You can use the diagramatic method to solve these types of problems as given in the discussions above. Using the diagrams shown indicates clearly what should be the sign of the results. When the reaction is from a higher level to a lower level, the enthalpy of reaction should be negative (downward arrow).

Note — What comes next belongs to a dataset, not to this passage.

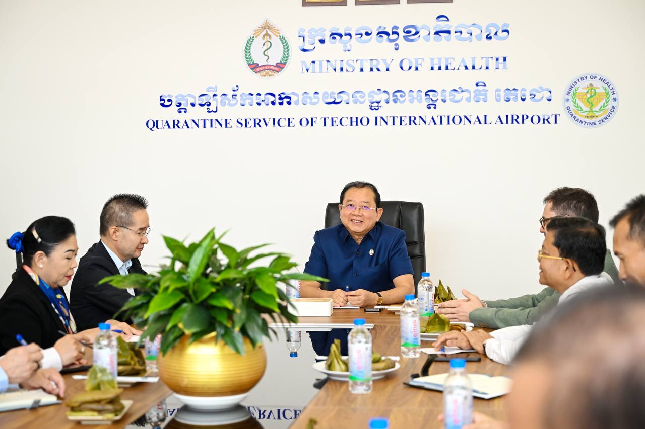 (ភ្នំពេញ)៖ លោកសាស្ត្រាចារ្យ ឈាង រ៉ា រដ្ឋមន្ត្រីក្រសួងសុខាភិបាល អមដំណើរដោយឧកញ៉ា វ៉ាន់ ឆារស៍ នាយកគ្រប់គ្រងក្រុមហ៊ុន ខេមបូឌា អ៊ែរផត អិនវេសមិន ខូអិលធីឌី ឯ.ក (CAIC) និងមានការចូលរួមពីថ្នាក់ដឹកនាំទទួលបន្ទុកជំងឺឆ្លង វិទ្យាស្ថានជាតិសុខាភាពសាធារណៈ វិទ្យាស្ថានប៉ាស្ទ័រ អគ្គនាយកដ្ឋានអន្តោប្រវេសន៍ អគ្គនាយកដ្ឋានគយ និងរដ្ឋាករកម្ពុជា មន្រ្តីចត្តាឡីស័ក នៅថ្ងៃទី២៨ ខែមករា ឆ្នាំ២០២៦ បានអញ្ជើញចុះពិនិត្យកាអនុវត្តការងារចត្តាឡីស័ក នៅអាកាសយានដ្ឋានអន្តរជាតិតេជោ ដើម្បីបង្ការ និងទប់ស្កាត់នូវការនាំចូលជំងឺឆ្លងនានា ជាពិសេសជំងឺនីប៉ាស៍ ដែលកំពុងកើតមានក្នុងបណ្តាប្រទេសតំបន់អាស៊ី។

If you reverse the direction of the reaction, you also change the sign of the enthalpy of the reaction.

## Confidence Building Questions

1. Calculate the heat of reaction for

$$\ce{2 H2 + O2 \rightarrow 2 H2O}$$

Bond energies: $$\ce{H2}$$ 436 kJ/mol, $$\ce{O2}$$ 498, $$\ce{HO}$$ 463 kJ/mol

Hint: $$\mathrm{-4\times463 + 498 + 2\times436}$$

Discussion - Note that in this problem, you are asked to calculate the heat of reaction, but the heat of formation is -241 kJ / mol.

2. Calculate the heat of reaction for

$$\ce{H2 + Cl2 \rightarrow 2 HCl}$$

Bond energies: $$\ce{H2}$$ 436 kJ/mol, $$\ce{O2}$$ 498, $$\ce{HO}$$ 463, $$\ce{Cl2}$$ 243, $$\ce{HCl}$$ 432 kJ/mol

Hint: $$\mathrm{436 + 243 - 2\times432 =\: ?}$$

Discussion - If you are given the heat of the reaction, and the $$\ce{H-H}$$ bond energy, can you calculate the bond energy for $$\ce{Cl-Cl}$$?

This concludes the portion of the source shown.